An estate tax is a charge upon the decedent’s estate, regardless of how it is disbursed. Taxes imposed upon death provide incentive to transfer assets before death. This is because under the current tax laws it is cheaper. Although it is a unified system because the gift tax is tax exclusive which means you do not have to pay a tax on the tax it is less costly then on an estate tax which is tax inclusive. The best strategy is to utilize a taxpayers annual exclusion which is currently $10, 000 indexed for inflation. By giving away up to 10 k as a present interest gift the property is not in the estate and passes free of tax.

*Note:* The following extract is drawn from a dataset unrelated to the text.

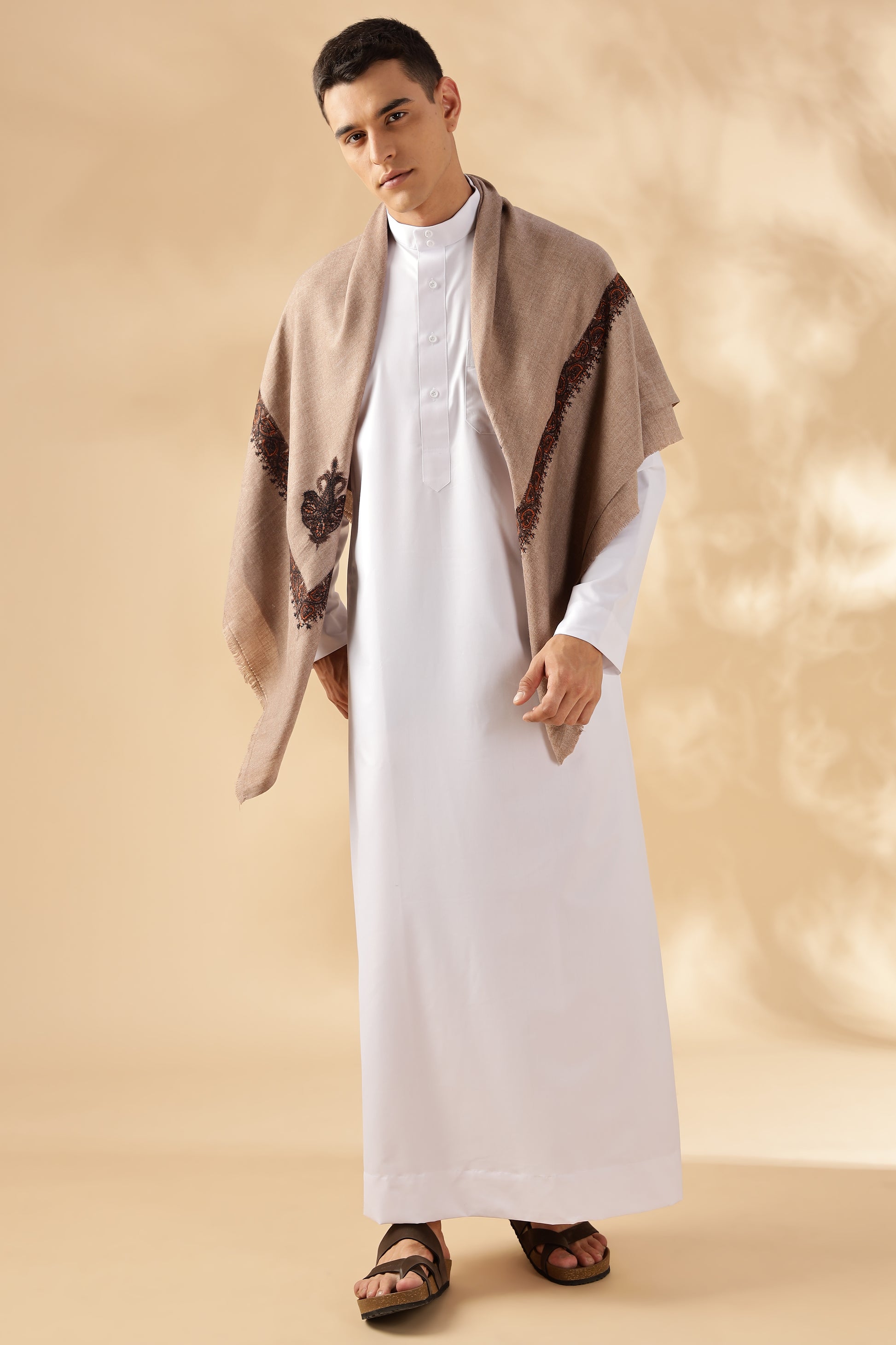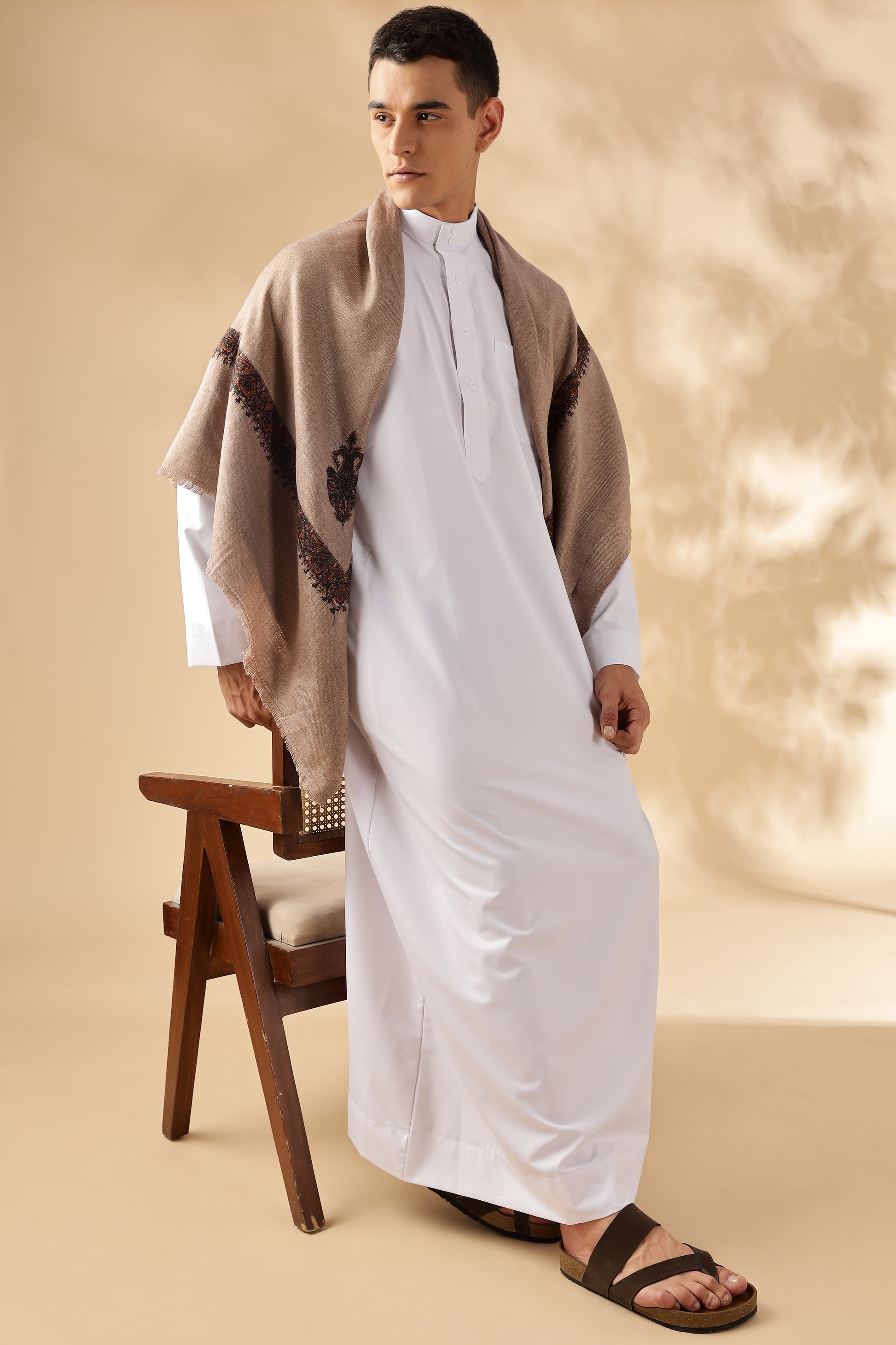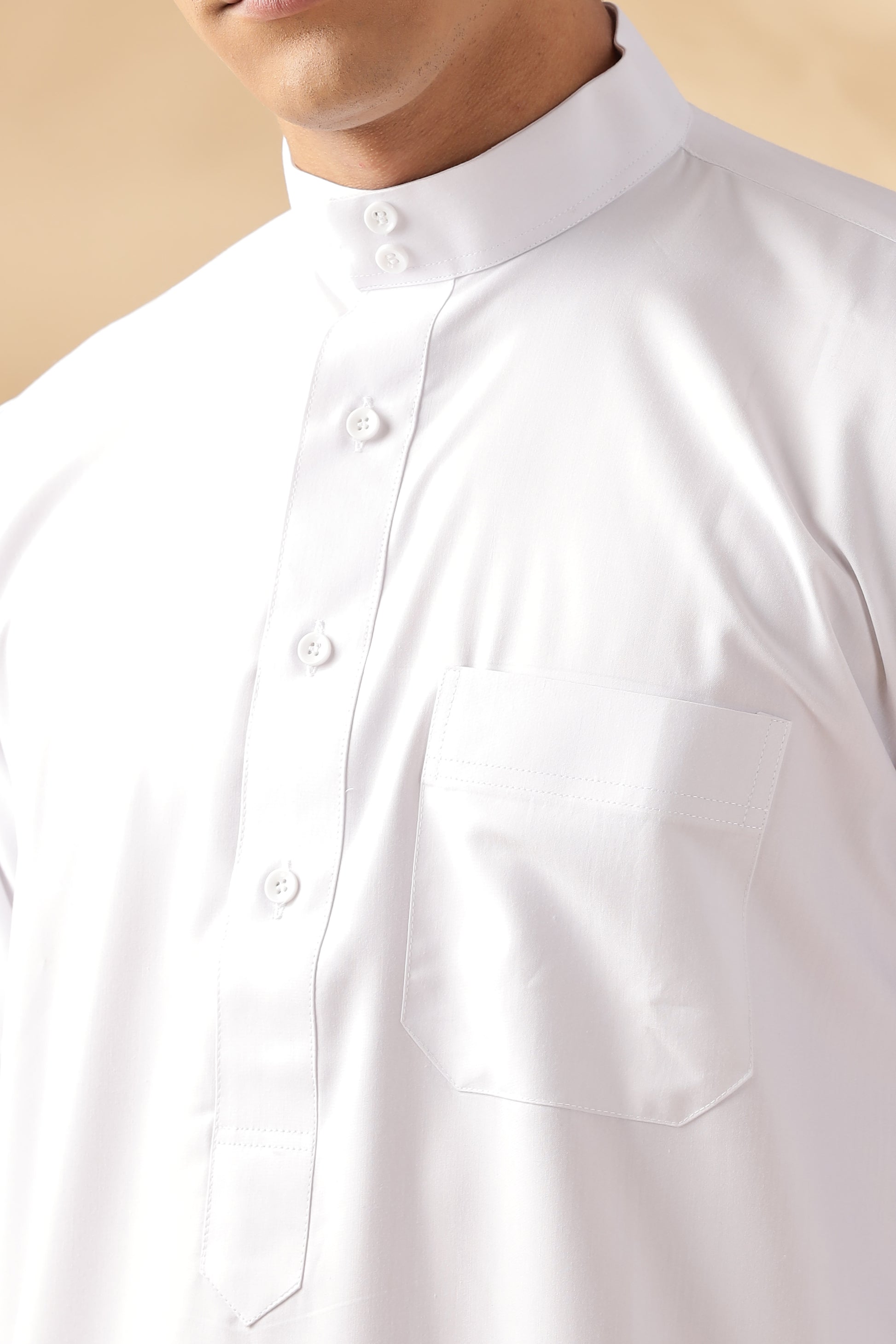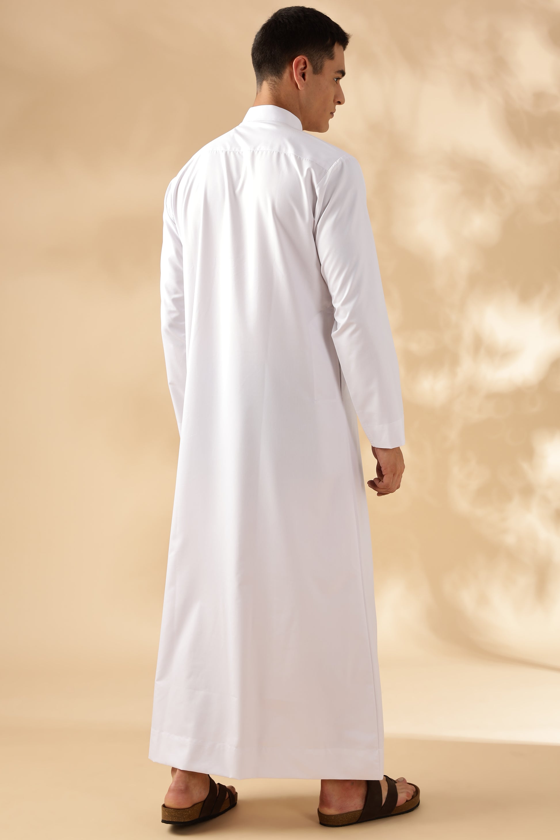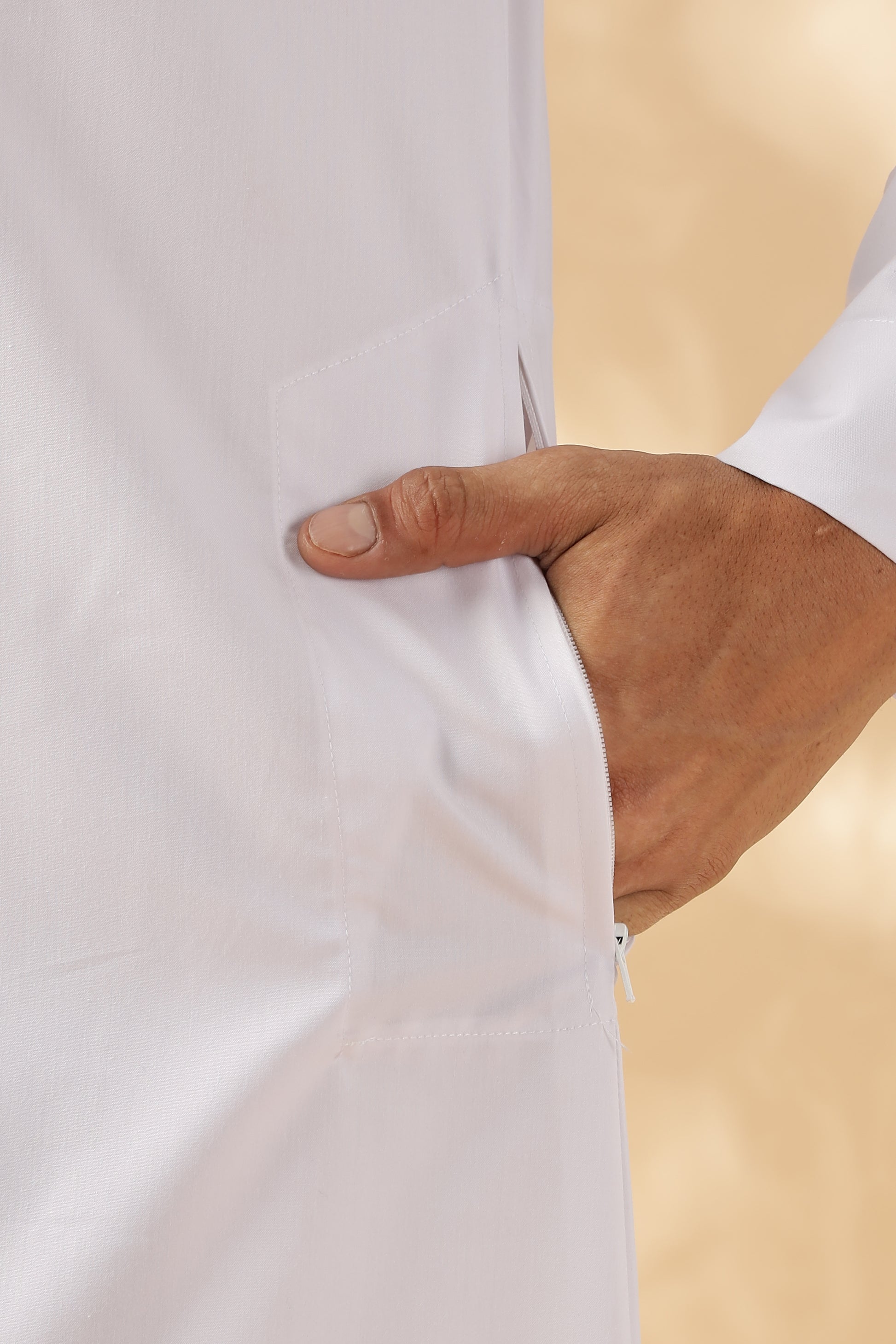 Introducing the Simple Saudi White Thobe, designed in the classic Saudi style. Made from premium KBC Fabric, this thobe features a sturdy mandarin collar, two side pockets, and one front pocket, combining practicality with elegance. Perfect for daily wear, the Simple Saudi Thobe offers both comfort and sophistication.

Gift tax laws are generally designed to prevent complete tax avoidance. The Federal Estate Tax is unified with the Federal Gift tax so that large estates cannot be shielded from taxation by lifetime giving. The Federal Estate Tax is set forth beginning in SS 2001 of the Internal Revenue Code. (26 U.
S. C. 2001).
The Federal Gift Tax is set forth beginning in 26 U. S. C.
2501. Generally, the Gift Tax applies to any transfer made without receiving value in return and without regard to intent. The new tax law increase the amount of the Unified credit against tax. It is 675, 000 currently but will increase to a million in 2002 and continue to be increased until the estate tax is ultimately repealed entirely in 2011.
The gift tax however will remain at that time with a million dollar credit in most cases. In 2012 the tax will revert back to a $1 million for estate tax as well unless further action is taken. The value of property in any event is what a willing buyer will pay a willing seller neither being under compulsion to buy or sell and both having knowledge of all relevant facts. Through the use of limited partnerships, annual exclusions and irrecable life insurance trusts taxpayers can further minimize their estate and gift tax. This paper intentionally does not address the marital or charitable deductions although these are also significant tax strategies.